Print the lines below from the line with "Mazaka Beyaz Mermer" to the line with "für Zeno einlagig, 3" exactly, keeping both ends, and print no pictures.

[Excerpted records]

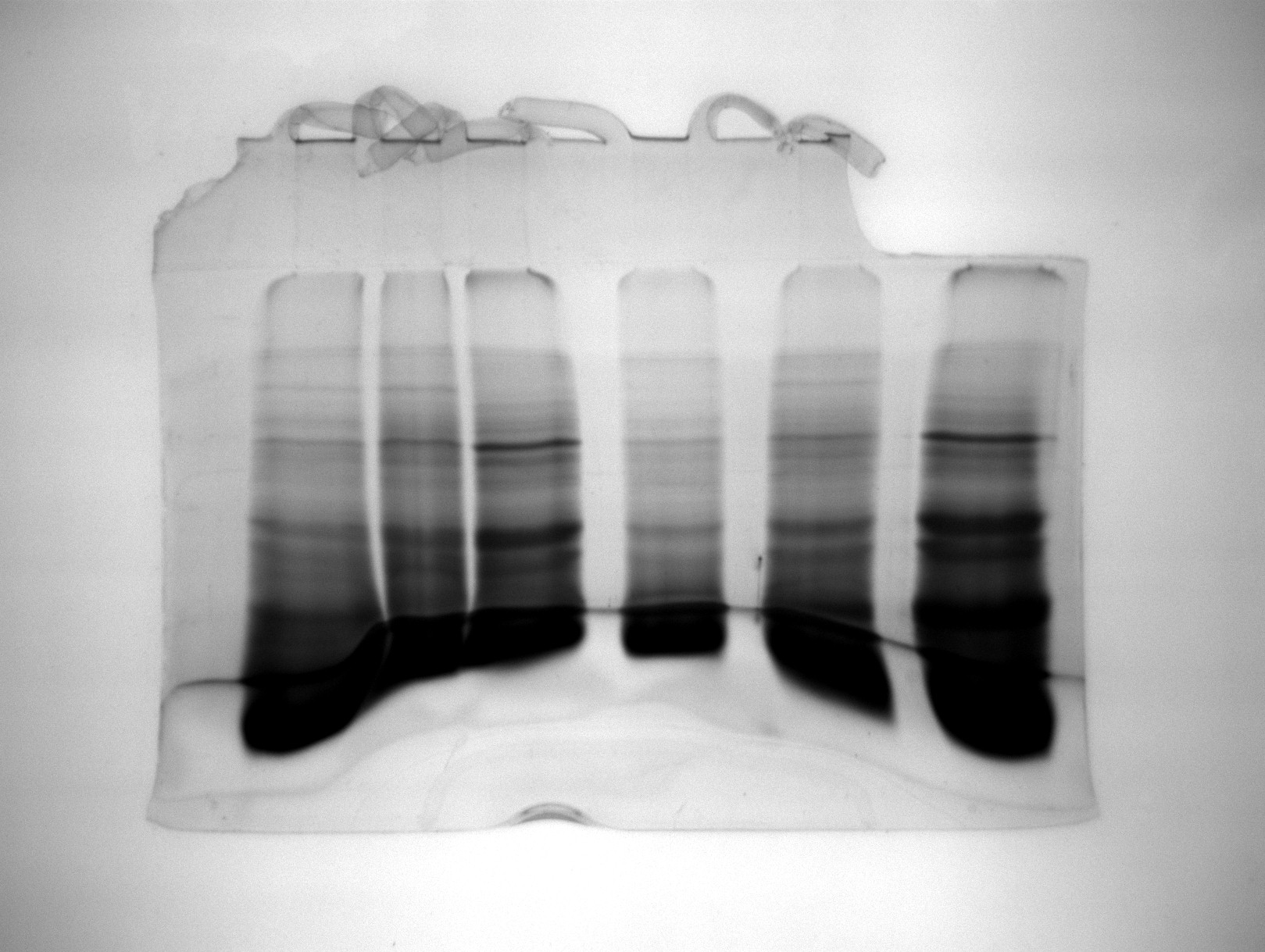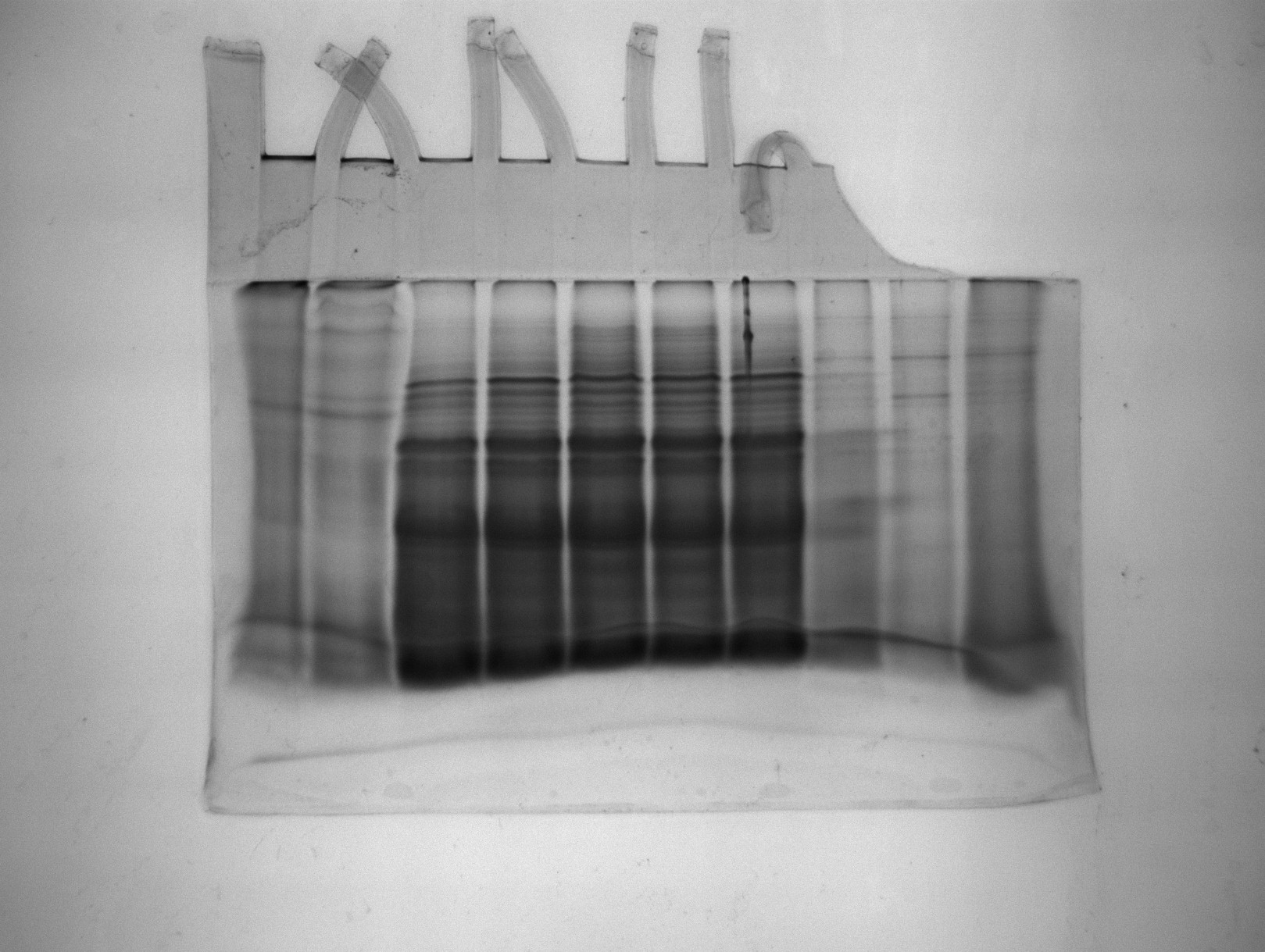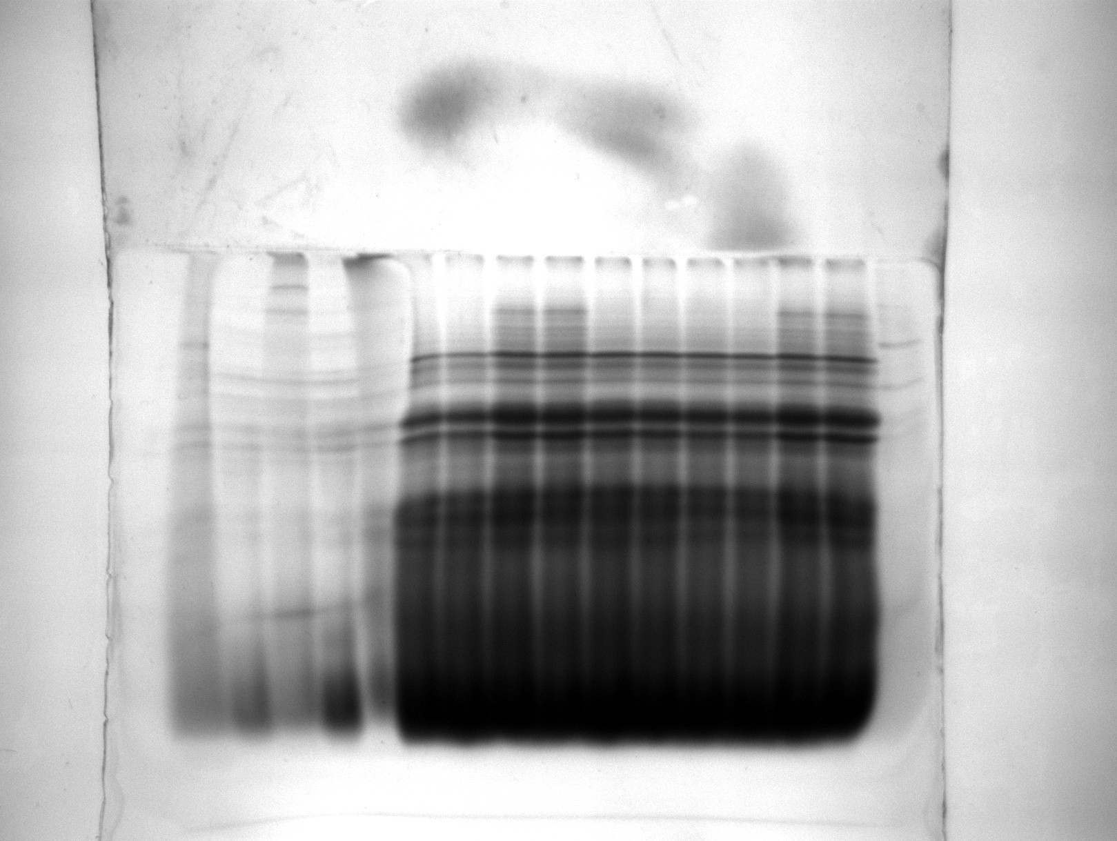 2。你是用银染吧?下面的小蛋白有点多的样子,染色时间过长了,看到主要条带出来了就立马终止染色。
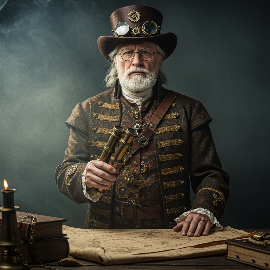 An elderly gentleman clad in intricate steampunk attire, adorned with gears and brass elements, stands amidst a smoky, atompunk-inspired backdrop. Intense lighting casts dramatic shadows on his weathered face, reminiscent of Aaron Jasinski's style, highlighting his keen eyes and determined expression. He holds a baroque maritime spyglass, accentuating his lifelong connection to the sea. The scene evokes a sense of adventure and mystery, reminiscent of a Dungeons & Dragons saga, where ancient maps and nautical charts are spread across a wooden table under the warm glow of flickering lanterns.
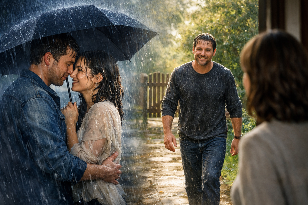 Андрей шёл по дорожке. Без зонта, без куртки, просто в свитере — насквозь промокший, взъерошенный.
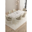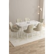 Mazaka Beyaz Mermer 80x132açılabilir Mdf Masa Yemek Odası Takımı,mutfak Takımı 6 Adet Sandalye Krem
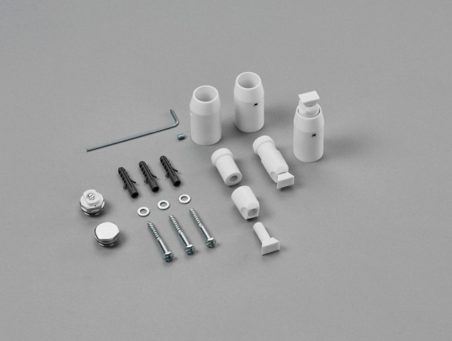 für Zeno einlagig, 3 Wandkonsolen mit Schrauben und Dübel, 1 Entlüftungsventil 1/2", 1 Blindstopfen 1/2", Montageanleitung
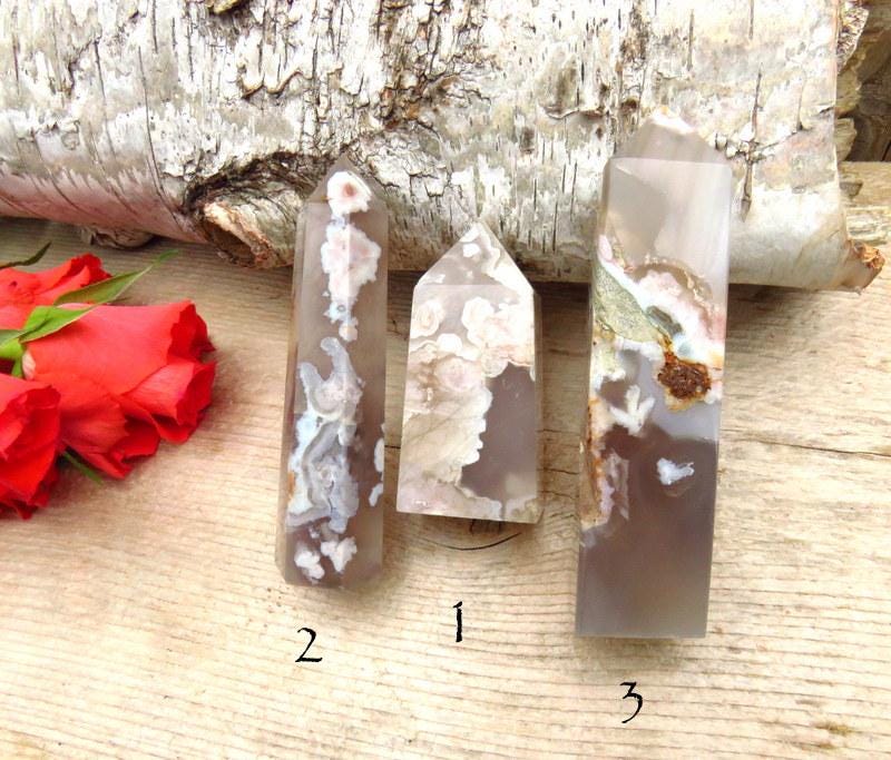 Flower Agate crystal tower - So much prettier in person ! You choose ! These beautiful Flower Agate towers are a lovely gray, white and brown with unique 'flower' patterns throughout. A beautiful addition to your space.
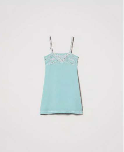 Abito corto in misto lino con ricamoAbito corto in lino e viscosa con ricamo di specchietti, perline e filo. Ha spalline sottili ricamate davanti e regolabili sul retro, taglio a impero, elastico in punto smock sul retro con arricciatura, chiusura con zip e gancetto al fianco, fodera in mussola di cotone, logo a cuore in metallo sul retro, linea fitted e svasata.
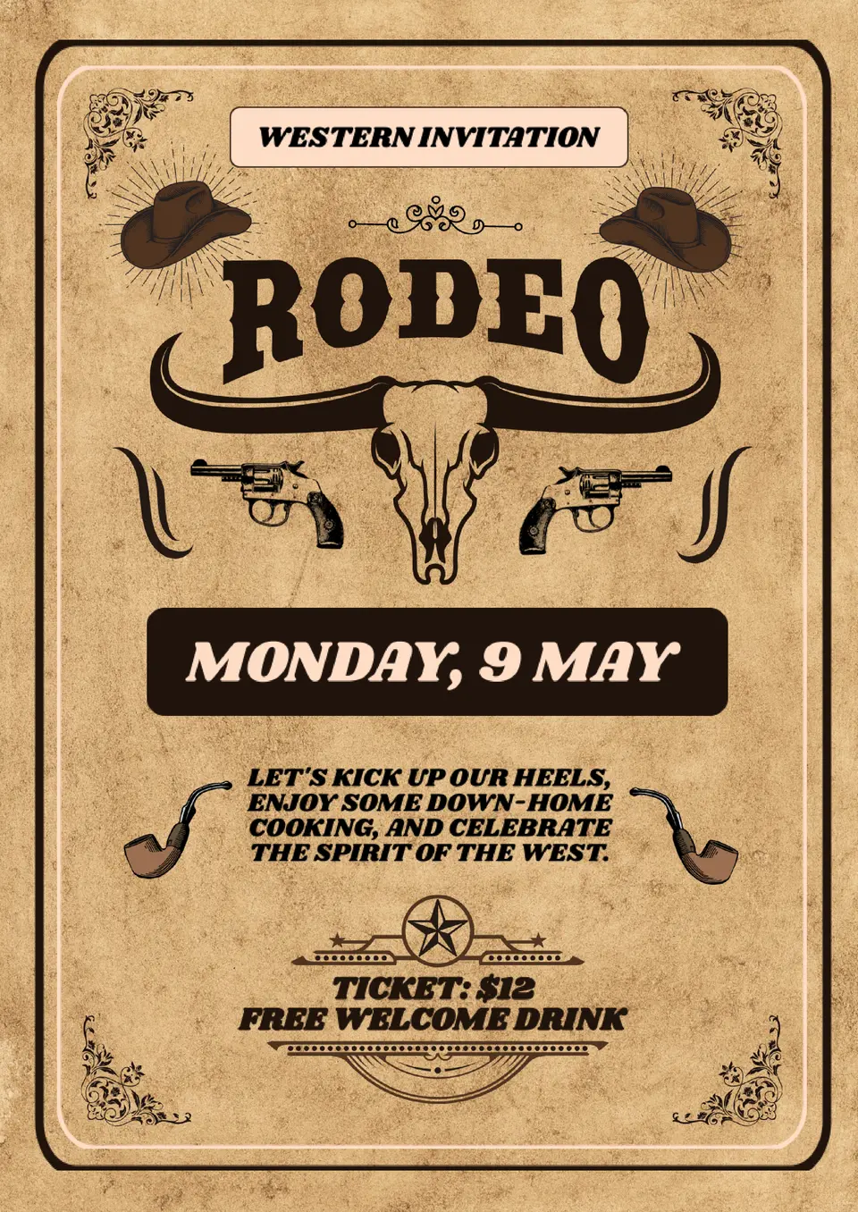 Want to bring a touch of the Wild West to your event? The Western Invitation Template features a rustic design, perfect for cowboy-themed parties, rodeos, or barn dances. Customize the event details with date, location, and attire to ensure your guests are ready to saddle up for a fun-filled event.

[/Excerpted records]

* Solution for this exercise *
 Mazaka Beyaz Mermer 80x132açılabilir Mdf Masa Yemek Odası Takımı,mutfak Takımı 6 Adet Sandalye Krem
 für Zeno einlagig, 3 Wandkonsolen mit Schrauben und Dübel, 1 Entlüftungsventil 1/2", 1 Blindstopfen 1/2", Montageanleitung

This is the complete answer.